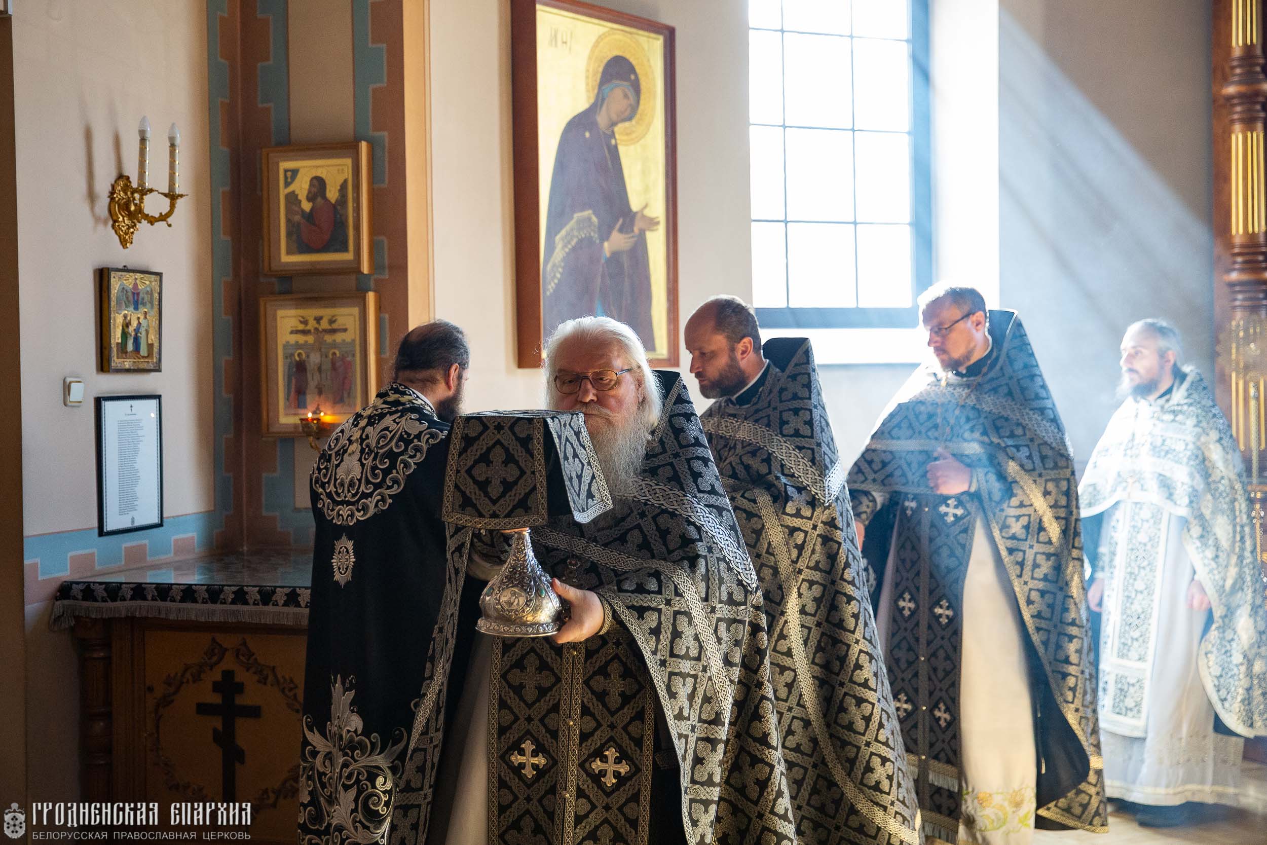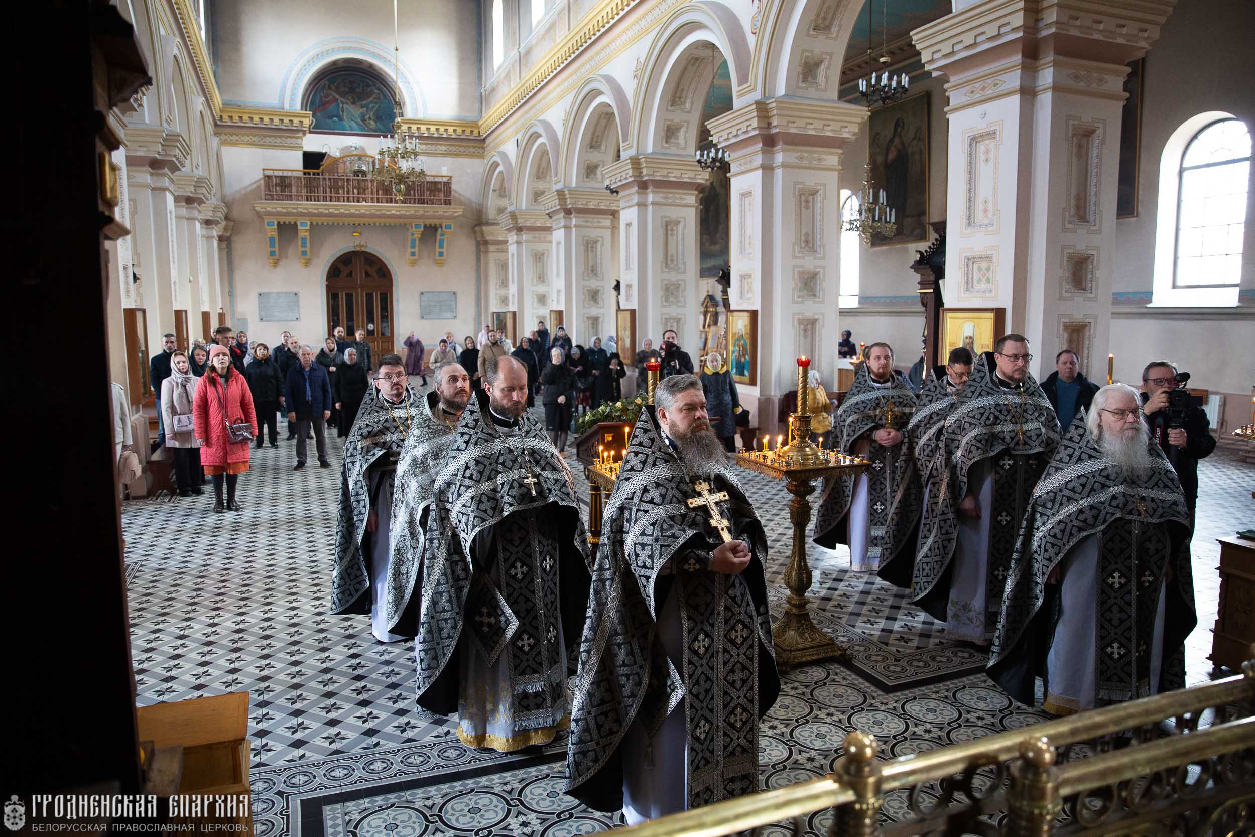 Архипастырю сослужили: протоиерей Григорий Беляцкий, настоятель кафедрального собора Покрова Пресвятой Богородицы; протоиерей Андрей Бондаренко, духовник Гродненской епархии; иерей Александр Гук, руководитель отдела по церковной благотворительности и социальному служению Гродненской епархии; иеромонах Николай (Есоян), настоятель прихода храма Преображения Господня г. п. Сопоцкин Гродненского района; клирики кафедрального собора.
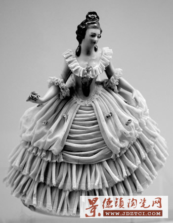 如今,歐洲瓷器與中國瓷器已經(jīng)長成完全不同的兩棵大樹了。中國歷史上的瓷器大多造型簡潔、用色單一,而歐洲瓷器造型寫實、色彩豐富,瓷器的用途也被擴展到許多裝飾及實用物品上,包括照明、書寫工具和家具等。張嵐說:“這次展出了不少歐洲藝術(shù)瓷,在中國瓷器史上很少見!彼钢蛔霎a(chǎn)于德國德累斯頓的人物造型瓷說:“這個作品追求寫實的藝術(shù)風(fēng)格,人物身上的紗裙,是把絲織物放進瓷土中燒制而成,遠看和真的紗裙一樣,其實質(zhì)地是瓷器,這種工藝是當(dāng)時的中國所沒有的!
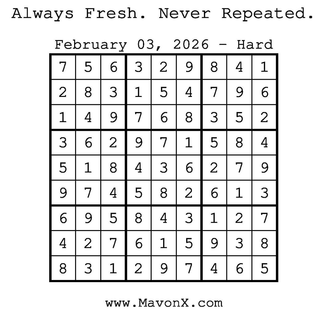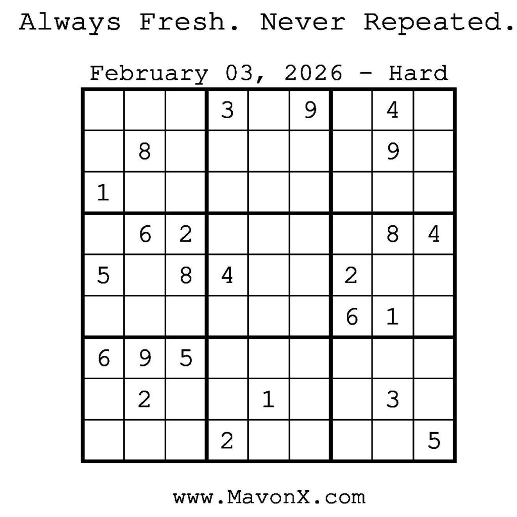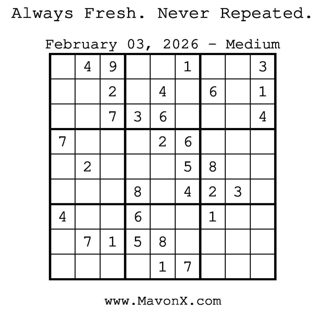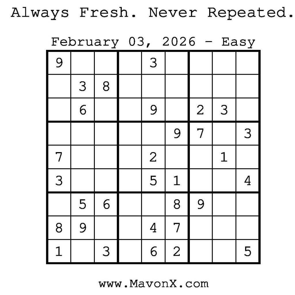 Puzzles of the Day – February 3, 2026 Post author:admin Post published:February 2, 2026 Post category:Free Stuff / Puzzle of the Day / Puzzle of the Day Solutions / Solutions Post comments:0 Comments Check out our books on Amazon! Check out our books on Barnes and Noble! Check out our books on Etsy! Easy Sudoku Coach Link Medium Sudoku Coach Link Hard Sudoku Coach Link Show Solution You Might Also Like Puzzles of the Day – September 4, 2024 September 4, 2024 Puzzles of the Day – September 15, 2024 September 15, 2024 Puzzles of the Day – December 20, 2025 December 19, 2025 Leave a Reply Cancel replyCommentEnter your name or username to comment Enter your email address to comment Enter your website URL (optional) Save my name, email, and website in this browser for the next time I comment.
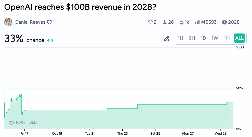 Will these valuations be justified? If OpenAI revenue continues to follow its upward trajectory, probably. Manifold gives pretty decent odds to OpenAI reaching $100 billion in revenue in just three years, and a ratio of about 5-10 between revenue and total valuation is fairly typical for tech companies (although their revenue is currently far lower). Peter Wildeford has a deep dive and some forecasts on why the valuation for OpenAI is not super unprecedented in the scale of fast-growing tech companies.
++++++++
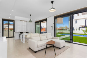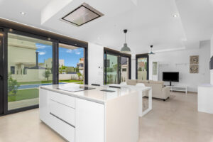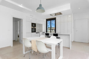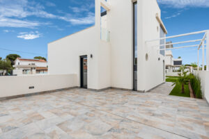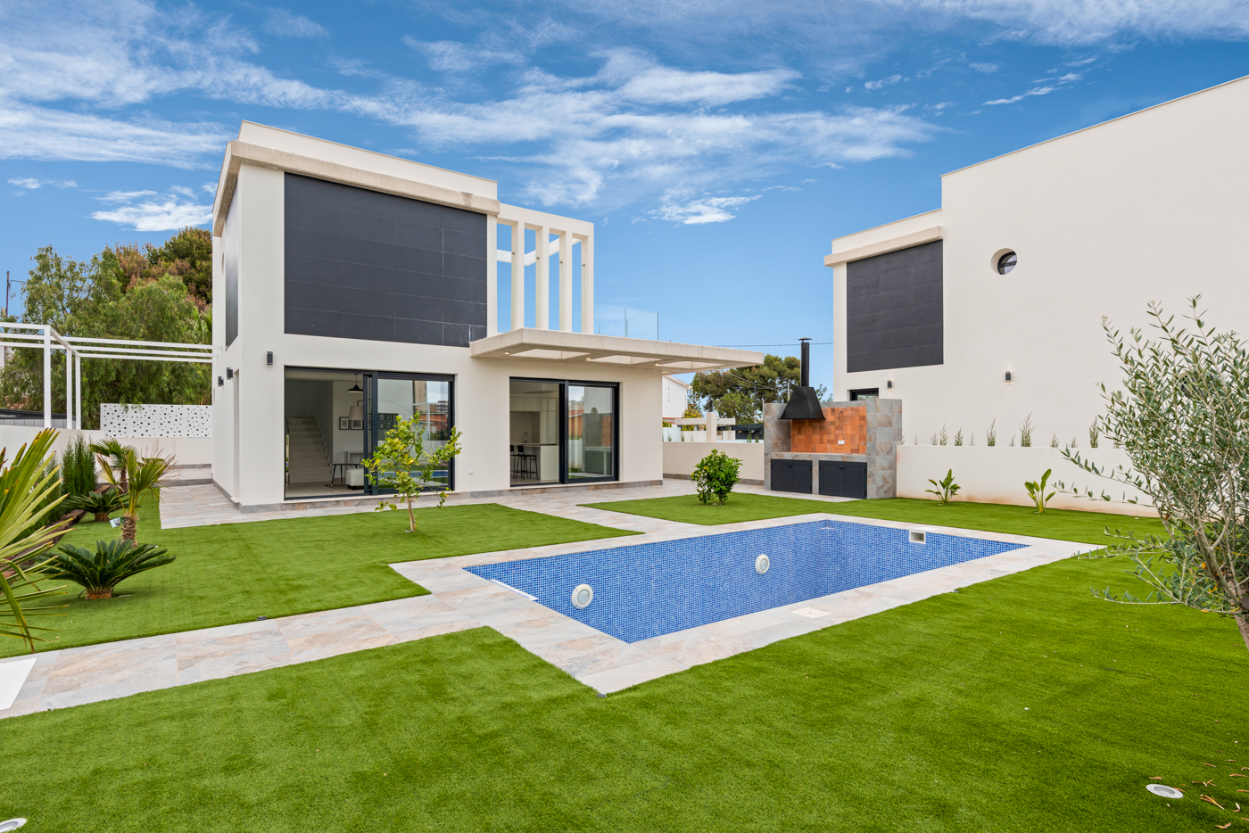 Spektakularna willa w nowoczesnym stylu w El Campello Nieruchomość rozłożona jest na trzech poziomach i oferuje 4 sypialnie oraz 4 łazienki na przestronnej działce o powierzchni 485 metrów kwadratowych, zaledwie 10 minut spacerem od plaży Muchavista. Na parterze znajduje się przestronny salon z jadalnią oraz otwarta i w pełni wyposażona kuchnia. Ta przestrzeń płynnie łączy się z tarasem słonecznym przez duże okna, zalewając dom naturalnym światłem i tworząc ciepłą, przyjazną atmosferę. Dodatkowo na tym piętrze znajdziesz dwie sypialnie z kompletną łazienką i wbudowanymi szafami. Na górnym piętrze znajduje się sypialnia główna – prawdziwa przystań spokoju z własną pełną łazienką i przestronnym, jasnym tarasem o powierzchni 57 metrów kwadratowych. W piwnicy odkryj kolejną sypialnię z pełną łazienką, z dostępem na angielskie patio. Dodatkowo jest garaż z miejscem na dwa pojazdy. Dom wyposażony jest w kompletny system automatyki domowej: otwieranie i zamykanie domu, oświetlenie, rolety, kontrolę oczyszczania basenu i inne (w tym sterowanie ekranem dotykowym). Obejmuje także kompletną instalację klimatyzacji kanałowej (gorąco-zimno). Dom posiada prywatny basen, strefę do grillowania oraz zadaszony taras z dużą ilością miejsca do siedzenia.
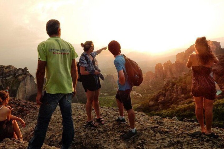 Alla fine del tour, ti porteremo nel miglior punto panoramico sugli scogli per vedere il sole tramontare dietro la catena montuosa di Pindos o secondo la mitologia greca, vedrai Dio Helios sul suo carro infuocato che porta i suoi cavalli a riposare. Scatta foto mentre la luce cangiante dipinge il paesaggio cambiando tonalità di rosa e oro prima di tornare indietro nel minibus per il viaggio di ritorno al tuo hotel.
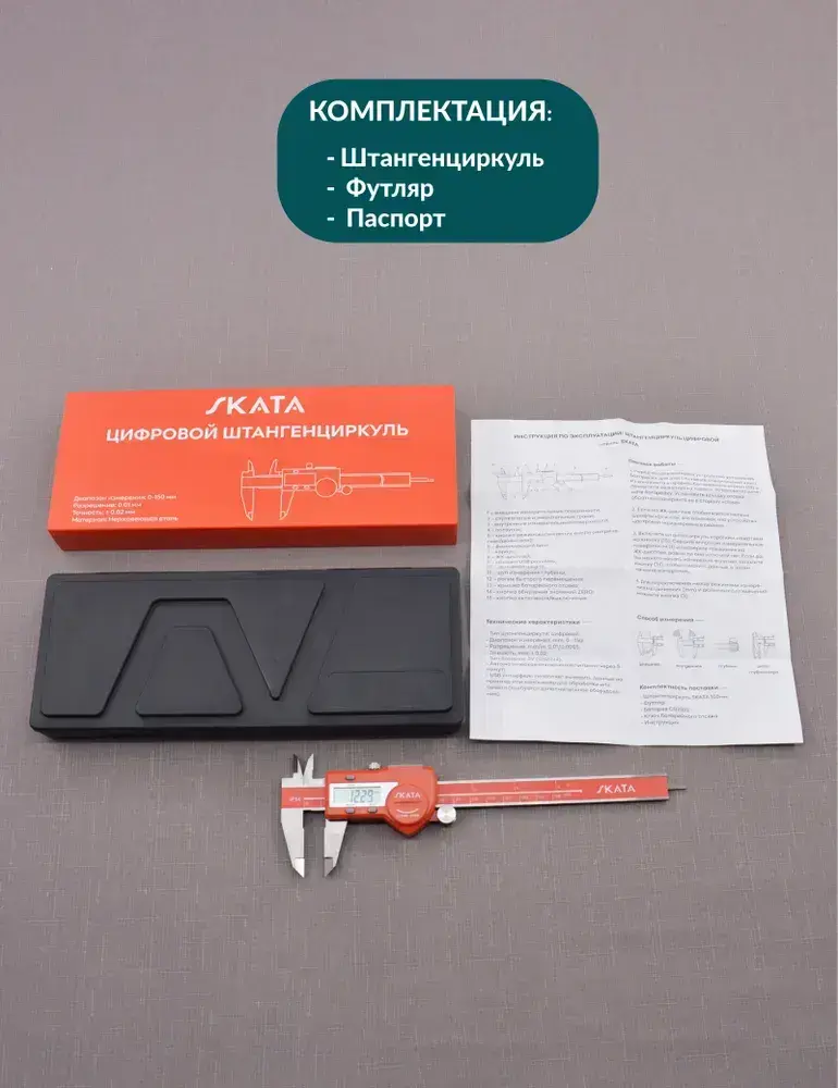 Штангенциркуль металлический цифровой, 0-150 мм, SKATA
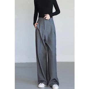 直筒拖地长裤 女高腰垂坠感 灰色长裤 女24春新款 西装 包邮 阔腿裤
++++++++
- [EXERCISE]:
Transcribe only the lines above that start at the line containing "Штангенциркуль металлический цифровой, 0-150" and end at the line containing "直筒拖地长裤 女高腰垂坠感 灰色长裤 女24春新款 西装 包邮 阔腿裤". Omit pictures.

- [REPLY TO THE EXERCISE]:
 Штангенциркуль металлический цифровой, 0-150 мм, SKATA
 直筒拖地长裤 女高腰垂坠感 灰色长裤 女24春新款 西装 包邮 阔腿裤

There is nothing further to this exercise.